Water, water everywhere!

Posted August 30th, 2011

Last week-end I was paddling in the Boundary Waters, across lakes, down lazy rivers, past beds of water lilies and generally reveling in gentle, fresh water. Then I arrived home to news of hurricanes, tropical storms and floods. The contrast between my experience and that of friends and family in New England couldn’t be more striking and I thought: Water: can’t live with it and can’t live without it! It made me think of the ways water impacts our lives and the folktales that have grown up around this experience.

There are so many folktales and myths about floods that I could not possibly begin to list them, but one website summarizes literally more than a hundred flood myths from the entire world. Another authoritative text on the subject is David Leeming’s, The Oxford Companion to World Mythology.”  Check out the chapter titled “Flood.”

Because of the events this weekend, I initially thought of stories about too much water. One terrific story is “The Legend of the Monsoon Rains” by Sherry Garland. This is a Vietnamese tale found in Children of the Dragon and tells of how the Lord of the Seas returns yearly to try and win a princess he cannot have, and so sends torrential winds and rains in retaliation.

Why the Sun and the Moon Live in the Sky by Niki Daly is a Nigeran folktale where Sun, an adventurous roamer, lives on earth with Moon, who is rather a homebody. When Sun invites Sea and all her children to visit them, Sea floods the house and forces Sun and Moon into the sky, where they have been to this very day.

Another story about too much water is Anne Rockwell’s The Boy Who Wouldn’t Obey. This is a Mayan tale about the god of the rainstorms named Chac who dives down to earth to steal a child and gets more than he bargained for. The boy causes endless trouble and when he steals the god’s rain-making tools, he unintentionally wreaks havoc with the weather, ala Tomie de Paola’s Big Anthony who couldn’t make the pasta pot stop cooking!

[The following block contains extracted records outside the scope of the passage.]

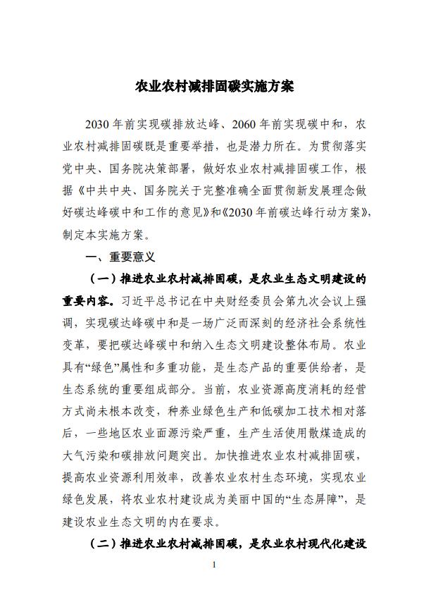 為貫徹落實碳達(dá)峰碳中和重大決策部署,推進(jìn)農(nóng)業(yè)農(nóng)村綠色低碳發(fā)展,我們制定了《農(nóng)業(yè)農(nóng)村減排固碳實施方案》,現(xiàn)印發(fā)你們,請結(jié)合實際貫徹落實。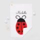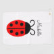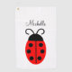 Mignonne serviette de golf de nom de coccinelle rouge et noire. Facile à modifier le texte.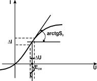 то можно линеаризовать зависимость i0(t)-I(ECM)=a1ΔU=S0ΔU, где S0 — начальная крутизна, равная тангенсу угла наклона касательной к графику I(U) в точке U=EСМ.
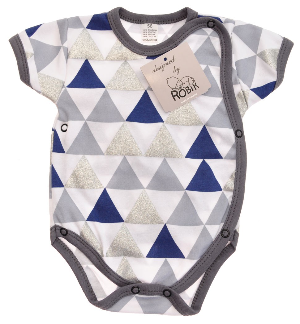 Body z krótkim rękawem o kroju kopertowym. Body jest zapinane na dwie pary bezniklowych napek po bokach oraz dwie napki w kroku co znacznie ułatwia zakładanie ubranka. Bawełniane body dla niemowlaków uszyte z dzianiny drukowanej w trójkąty w białym, granatowym, szarym i srebrnym kolorze. Srebrne trójkąty delikatnie błyszczą dzięki zastosowaniu brokatowego nadruku. Body zostało wykończone delikatną grafitową lamówką.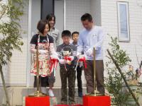コンセプトハウスとして建てられた建物ですので、上棟式での餅まきは当社がしましたが、M様はお引っ越しの時に紅白餅をたくさんのお友達にふるまわれました。記念撮影もそのお友達と大勢で!とても賑やかなお引渡し式になりましたね。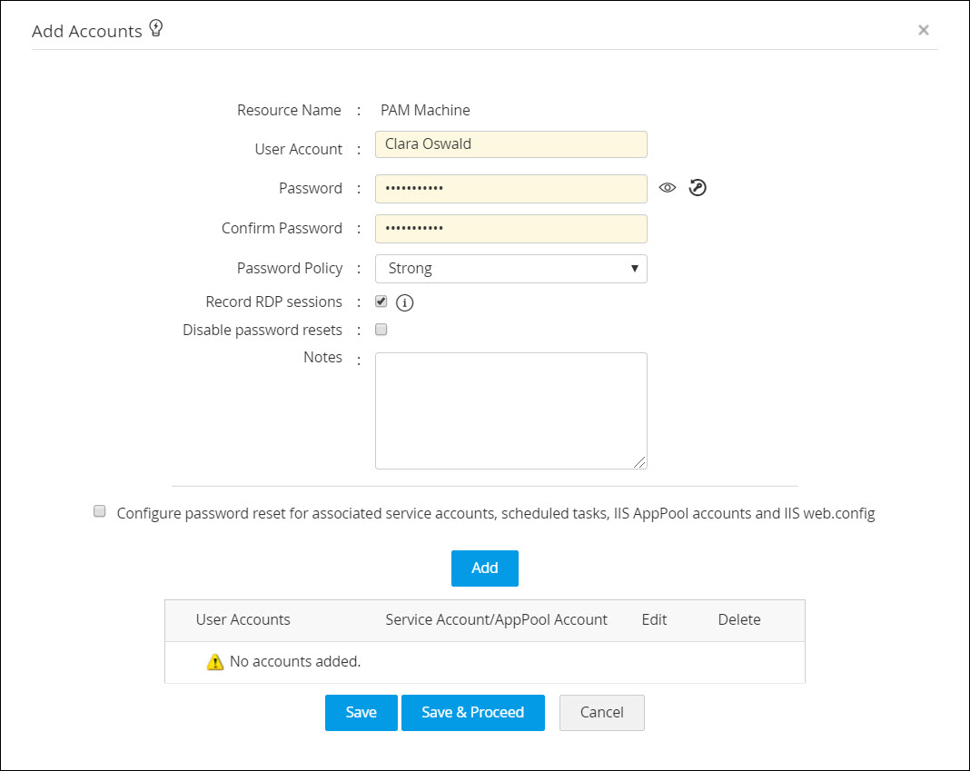 4. Click Save. PAM360 will immediately reset the password in the domain first and then, automatically update the new password across all servers where John Newton is used to run IIS websites.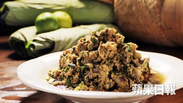 當地人有吃生肉的習慣,其中一道菜式名為Koi。在街邊檔看見當地人將生牛肉和生牛百葉攪拌,加入芫荽、葱、青檸和辣椒。這樣不算很特別,因為其他國家如韓國亦有生牛肉菜式,但檔主接下來加入一支新鮮牛血,整道菜頓時變得血淋淋,對我而言有點反胃,更遑論放進嘴裏。問過幾個當地人,他們就解釋吃生肉和牛血是為了新鮮,覺得煮熟會影響食物質感。他們還會以生豬肉和生魚炮製這道菜,過去就有報道指出,生食這兩種食物有機會感染寄生蟲。如果吃不慣生肉,可以考慮將相同的材料炒熟食用,炒肉碎名為Lahp,佐飯一流。
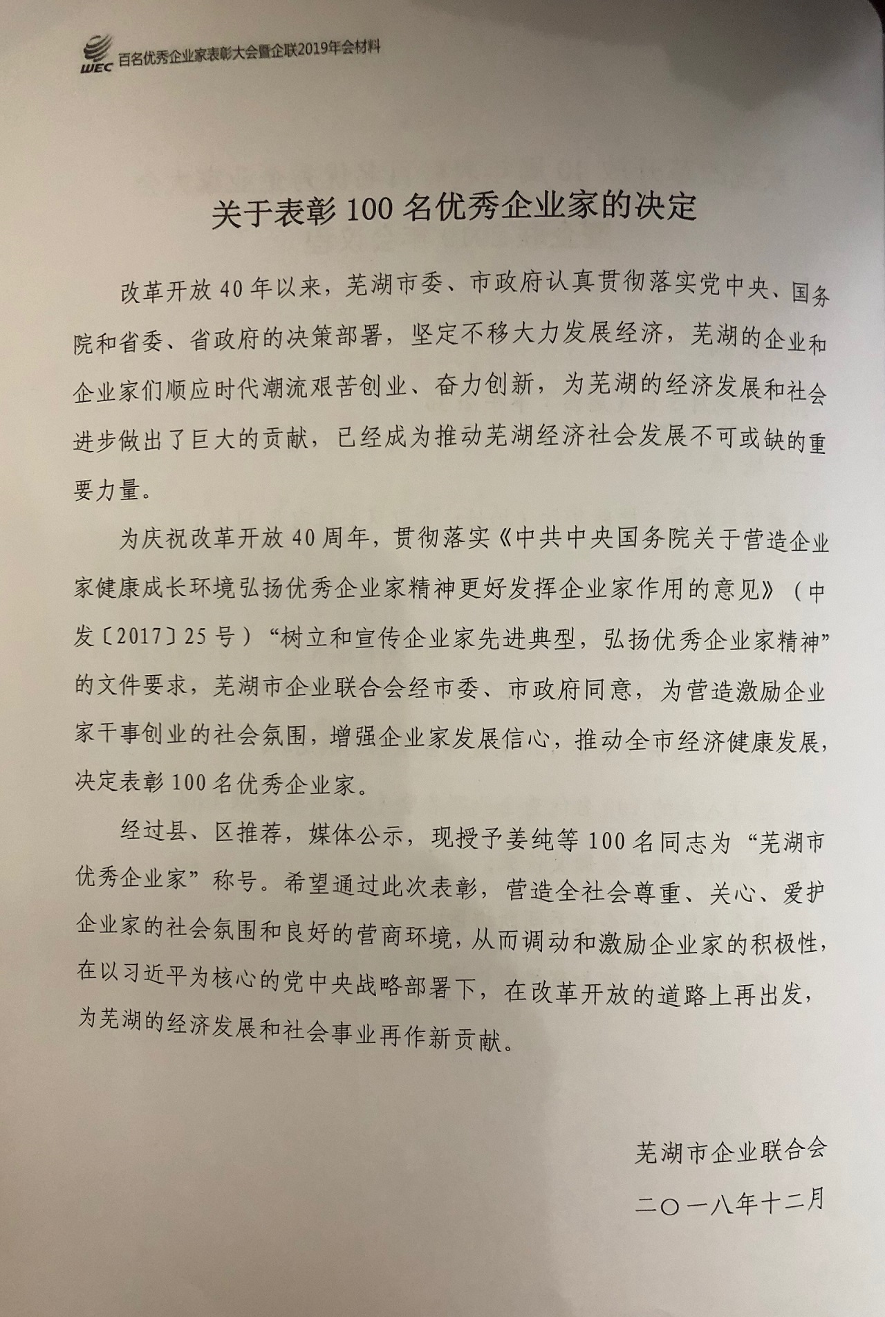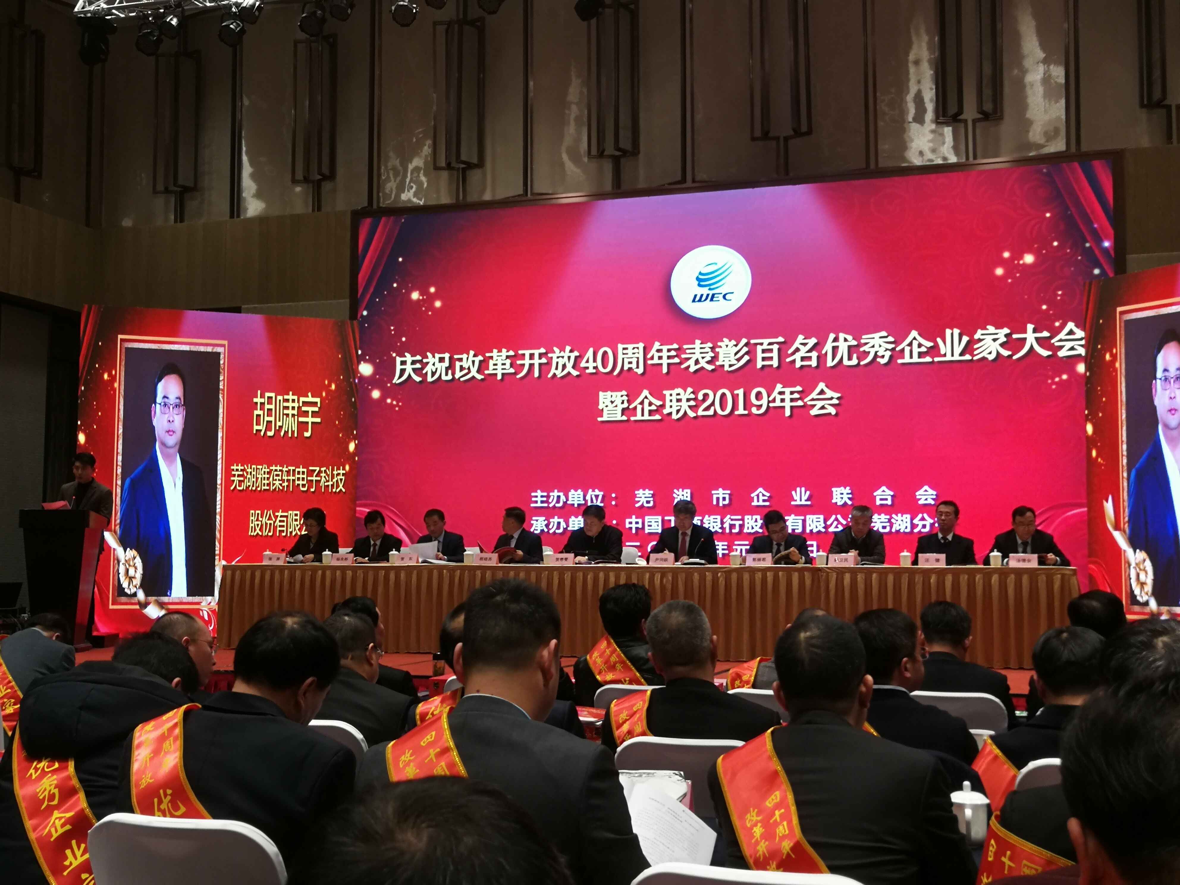 會(huì)上對(duì)蕪湖市改革開放和經(jīng)濟(jì)社會(huì)發(fā)展做出突出貢獻(xiàn)的優(yōu)秀企業(yè)家進(jìn)行表彰,雅葆軒董事長(zhǎng)胡嘯宇先生榮獲“改革開放40周年優(yōu)秀企業(yè)家”稱號(hào)。

Another famous story about battling water is the Dutch legend, The Boy Who Held Back the Sea (Thomas Locker). This is a retelling of a traditional Dutch folktale about a little boy who spotted a dangerous hole in a dyke, put his finger in the hole, stayed all night and thus kept the town safe.

A number of folktales deal with the opposite phenomenon, drought. Not surprisingly, the arid regions of the world have a number of tales on this subject. I have always loved Bringing the Rain to Kapiti Plain by Verna Aardema, which is a cumulative story with the rhythm and repetition of “The House That Jack Built” and tells the story of how Ki-pat brings rain to the parched Kapiti Plain.

“The Return of the Clouds,” by Susan Milord in Tales of the Shimmering Sky is a Pueblo tale from western New Mexico. It is a compelling story about a nasty monster named Cloud Eater that eats all the clouds and causes terrible droughts. A young boy finds a way to get rid of Cloud Eater and eventually returns the clouds to the sky.

Another interesting folktale is Rain Player by David Wisniewski. In this story a young Mayan ballplayer defies the priest’s prophecy of a drought and challenges the rain god to a game of pok-a-tok, which is a Mayan basketball/soccer game played on an outdoor court. In the end, the boy outperforms the rain god and the god rewards him by sending gentle showers after his victories on the court.

So, stories about too much or too little water—take your pick.